IARPA Needs More Training Data for Video Surveillance Algorithms

Production Perig/Shutterstock.com

The data would improve the tech’s ability to link together footage shot across a broad geographic space, allowing it to better track and identify potential targets.

The intelligence community’s research arm wants to train algorithms to track people across sprawling video surveillance networks, and it needs more data to do it.

The Intelligence Advanced Research Projects Activity is recruiting teams to build bigger, better datasets to train computer vision algorithms that would monitor people as they move through urban environments. The training data would improve the tech’s ability to link together footage from a large network of security cameras, allowing it to better track and identify potential targets.

Computer vision is a type of artificial intelligence that allows computers to interpret images and videos. Many law enforcement and public safety organizations already use the tech to investigate crimes, monitor critical infrastructure and secure major events that could be targets for terrorists. An early version of the tech was used to identify the perpetrators of the Boston Marathon bombing in 2013, for instance, its popularity has only grown in the years since.

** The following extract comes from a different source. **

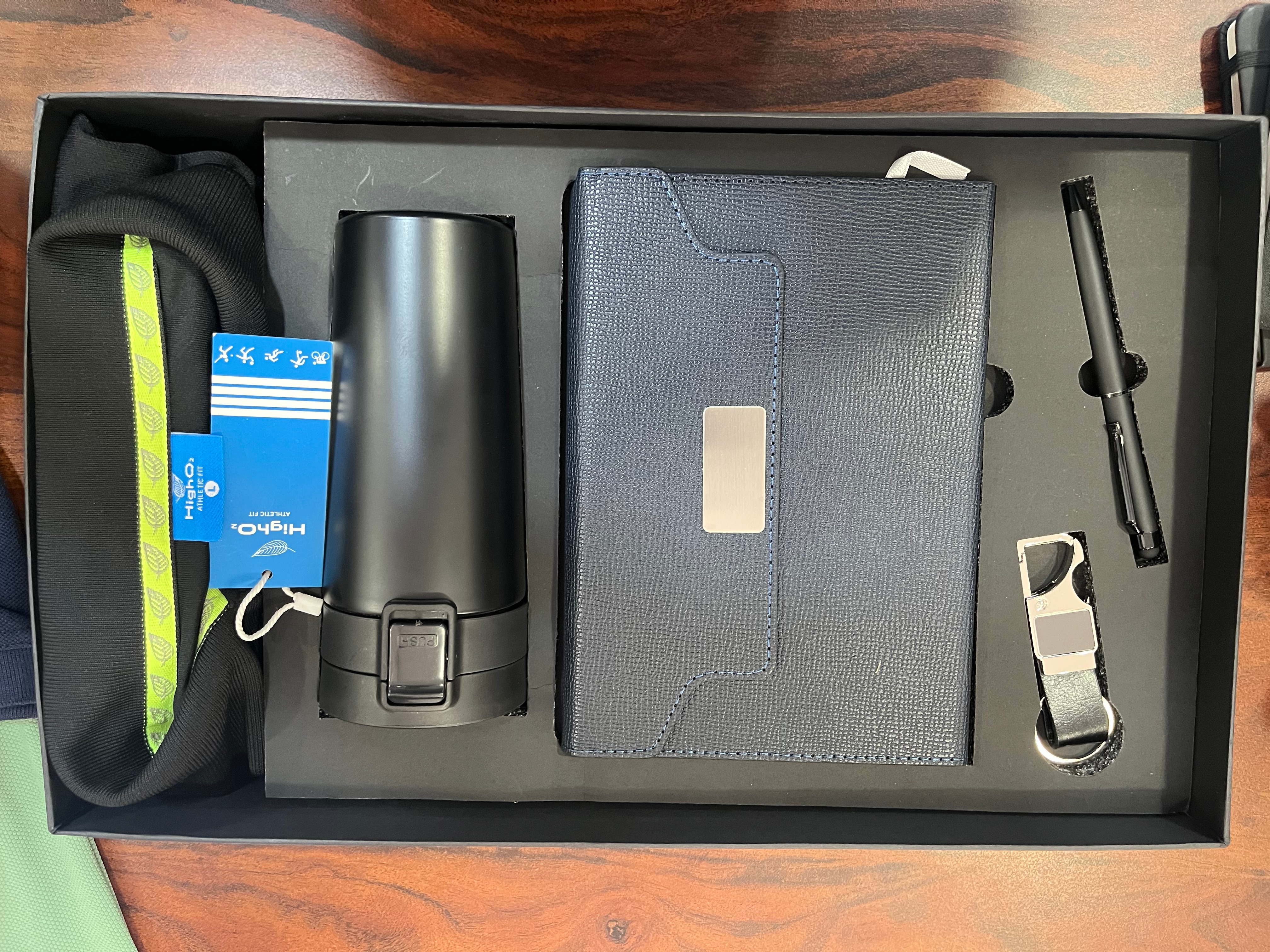 Corporate combo gift with sturdy box including T-shirt,Dairy,Bottle-or Tumbler , pen, Keychain, mobile stand, card holder. With customised branding in printing, laser engraving.
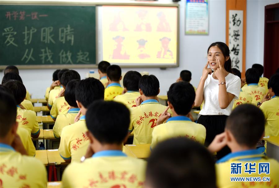 9月1日,衡水志臻实验中学老师指导学生做眼保健操。

But according to IARPA, the data used to train algorithms today is fairly narrow, which limits the tech’s ability to dissect the wide range of situations they’d see in the real world. With the new datasets, officials aim to improve the training process and enable computer vision systems to connect footage shot from cameras positioned across a broad geographic area.

“Further research in the area of computer vision within multi-camera video networks may support post-event crime scene reconstruction, protection of critical infrastructure and transportation facilities, military force protection, and in the operations of National Special Security Events,” IARPA officials wrote in the solicitation.

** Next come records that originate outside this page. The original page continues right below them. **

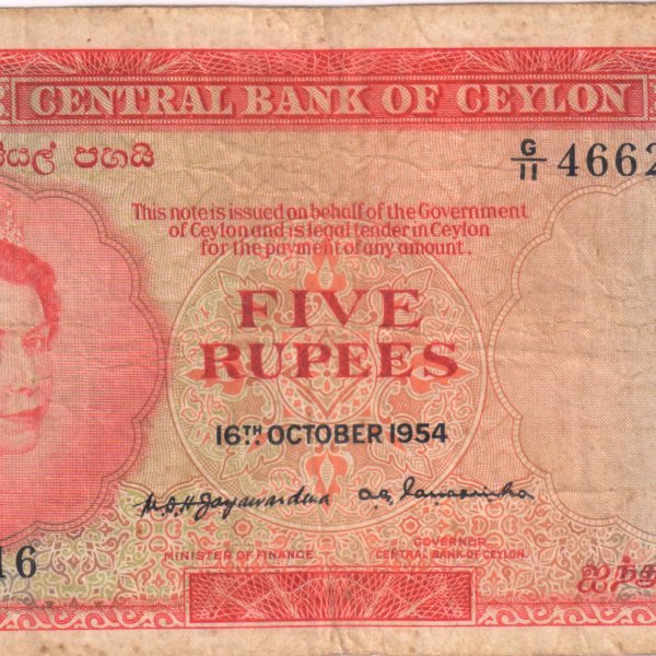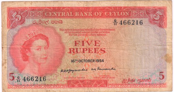 British Ceylon – 5 rupees 1954 scarce currency note
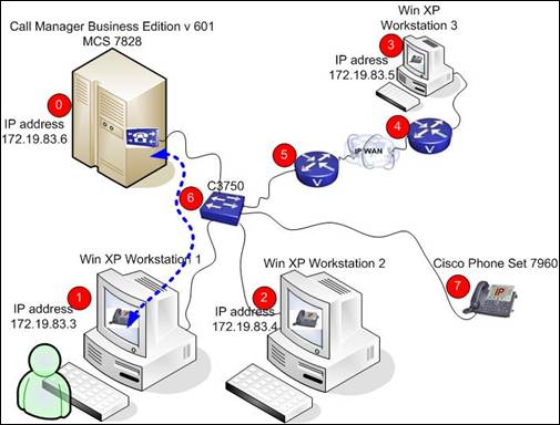 CUCM Business Edition is being installed from a server. This server is indicated in the network diagram with a red circle labeled '0'. For the purposes of this lab the mechanical process of putting the DVD in a physical drive is circumvented through the use of the VM Ware software. The screens and processes that will be followed in this lab will mirror the Communications Manager Business Edition DVD installation process.
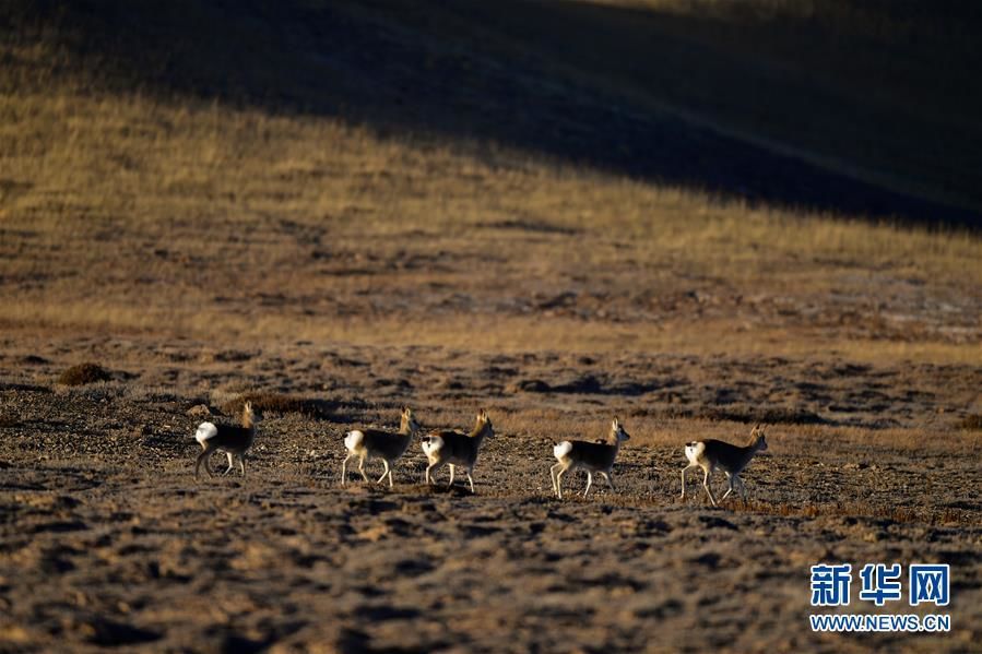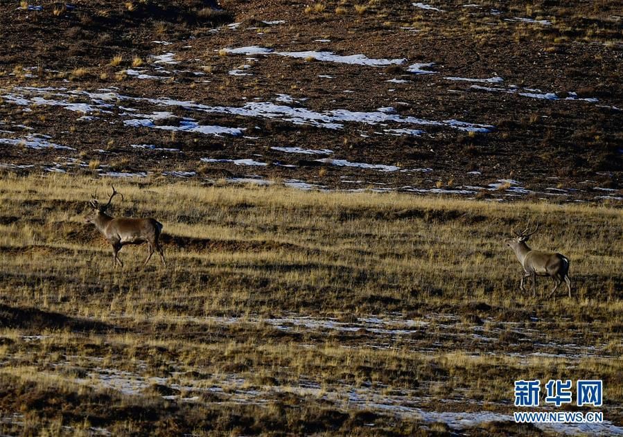 11月9日,两只藏原羚在青海玛沁县境内的草原上活动。
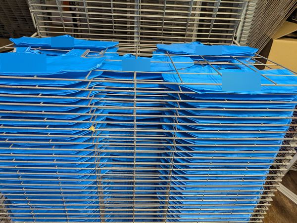先週は毎日このブルー地のエコバックへ印刷加工してきました。
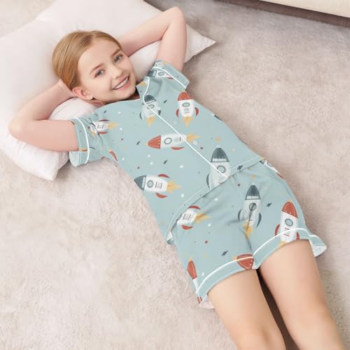 senya Cute Rocket Satin Summer Pajama Sets Silk Short Sleeve Button Down Sleepwear 5
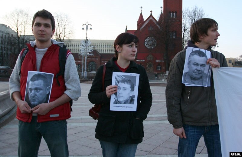 Іншая мэта акцыі – патрабаваньне вызваліць палітвязьняў. Моладзь скандавала "Свабоду!" і трымала ў руках партрэты Мікалая Аўтуховіча, Юрыя Лявонава, Ігара Асіпенкі і Арцёма Дубскага, якога, магчыма, у канцы гэтага месяца будуць судзіць за парушэньне правілаў адбыцьця пакараньня па справе 14-ці.
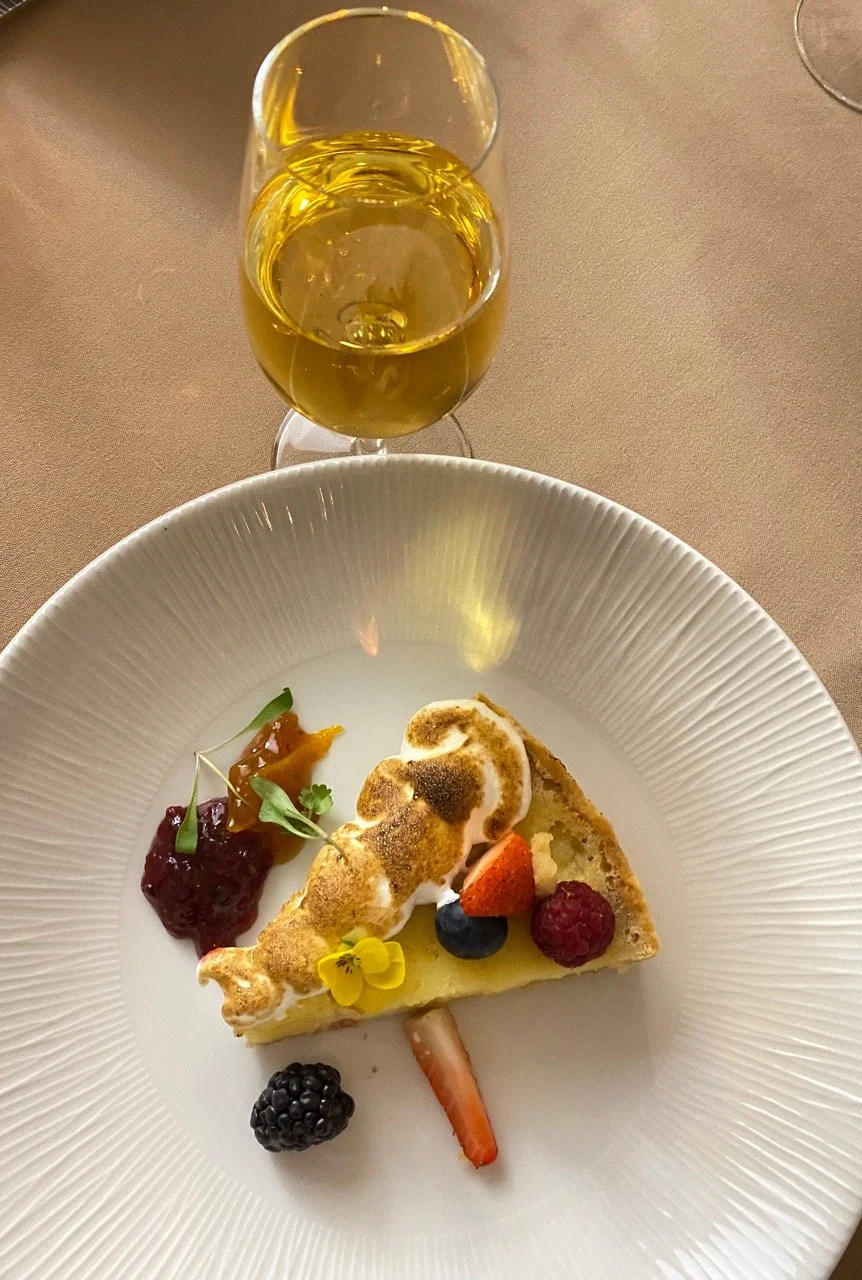 The dessert course was a lemon tart, with meringue, berry fruits, kumquat jam and raspberry jam. Served with a Château Clos Haut-Peyraguey 2014 1er Cru A.O.C Sauternes; a blend of 90% Semillon and 10% Sauvignon Blanc. This wine gave apricot and orange flavours which complimented the dessert but was felt to lack a little “oomph”.
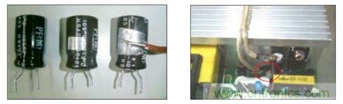 B.當(dāng)電路板上電容所在的位置周圍有發(fā)熱器件(如功率管,散熱片等)時(shí), 將溫度感應(yīng)探測(cè)端接于電容靠近發(fā)熱源的側(cè)面鋁殼上,將對(duì)著發(fā)熱源的鋁殼表面膠管剝掉一小塊,用點(diǎn)溫膠直接粘連(或利用熱傳導(dǎo)率高的銀膠帶連接,用酒精等東西擦式表面后貼上銀色膠帶),溫度感應(yīng)探測(cè)線另一端連接點(diǎn)溫機(jī),如下圖:
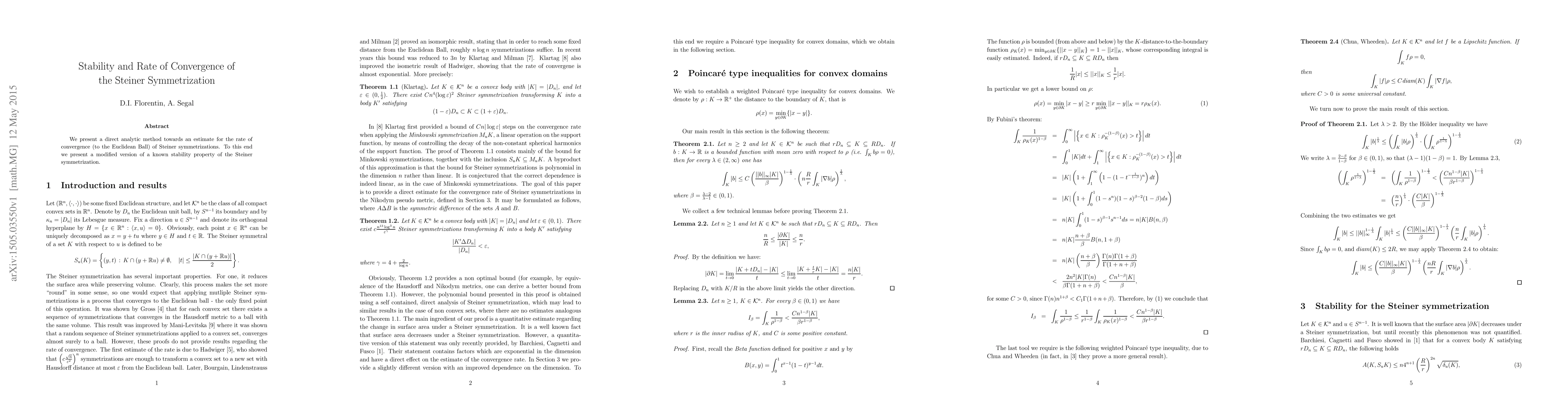 This paper introduces a novel analytic method to estimate the rate of convergence for Steiner symmetrizations towards the Euclidean Ball, utilizing a modified stability property of the Steiner symmetrization process.

Under the solicitation, selected vendors would compile roughly 960 hours of video footage covering numerous different environments and scenarios.

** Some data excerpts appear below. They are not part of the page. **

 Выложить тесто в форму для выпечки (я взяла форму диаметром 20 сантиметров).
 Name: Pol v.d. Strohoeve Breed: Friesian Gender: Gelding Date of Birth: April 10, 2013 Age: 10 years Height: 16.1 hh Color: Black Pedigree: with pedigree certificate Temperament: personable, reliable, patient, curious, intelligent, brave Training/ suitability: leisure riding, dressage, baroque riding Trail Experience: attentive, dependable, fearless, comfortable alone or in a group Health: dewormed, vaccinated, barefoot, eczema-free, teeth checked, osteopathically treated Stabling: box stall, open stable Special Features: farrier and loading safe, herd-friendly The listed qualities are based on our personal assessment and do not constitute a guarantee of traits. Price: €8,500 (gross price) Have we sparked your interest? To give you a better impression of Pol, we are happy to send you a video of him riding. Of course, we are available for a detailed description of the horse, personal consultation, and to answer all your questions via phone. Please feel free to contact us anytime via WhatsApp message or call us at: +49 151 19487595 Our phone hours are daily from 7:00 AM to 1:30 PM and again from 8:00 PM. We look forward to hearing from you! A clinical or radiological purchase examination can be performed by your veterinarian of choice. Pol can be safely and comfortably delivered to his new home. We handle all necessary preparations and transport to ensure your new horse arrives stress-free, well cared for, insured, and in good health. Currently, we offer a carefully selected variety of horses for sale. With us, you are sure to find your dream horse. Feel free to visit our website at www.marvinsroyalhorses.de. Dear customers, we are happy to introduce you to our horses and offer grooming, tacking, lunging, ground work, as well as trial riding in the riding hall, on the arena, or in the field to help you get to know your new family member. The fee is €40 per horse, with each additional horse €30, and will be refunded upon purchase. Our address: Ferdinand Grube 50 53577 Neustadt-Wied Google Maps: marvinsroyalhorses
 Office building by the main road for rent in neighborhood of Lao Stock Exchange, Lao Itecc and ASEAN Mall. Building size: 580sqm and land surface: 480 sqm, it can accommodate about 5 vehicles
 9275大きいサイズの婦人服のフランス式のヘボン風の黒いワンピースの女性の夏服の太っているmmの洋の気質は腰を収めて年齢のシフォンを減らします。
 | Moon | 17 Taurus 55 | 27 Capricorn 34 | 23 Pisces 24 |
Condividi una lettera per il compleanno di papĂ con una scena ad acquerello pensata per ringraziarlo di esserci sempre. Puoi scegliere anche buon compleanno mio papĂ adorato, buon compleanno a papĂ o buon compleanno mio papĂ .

The dataset must include footage from at least 20 different security cameras with “varying positions, views, resolutions and frame rates” scattered across roughly 2.5 acres of “urban or semi-urban space.” The videos would be shot all hours of the day and in different weather conditions, and include pedestrians, moving vehicles, street signs and other “distractors.”

The footage must also include at least 200 test subjects behaving in different ways across the camera network. Ultimately, these are the people the algorithms would focus on to sharpen their identification and tracking skills.

Interested vendors must respond to the solicitation by May 17.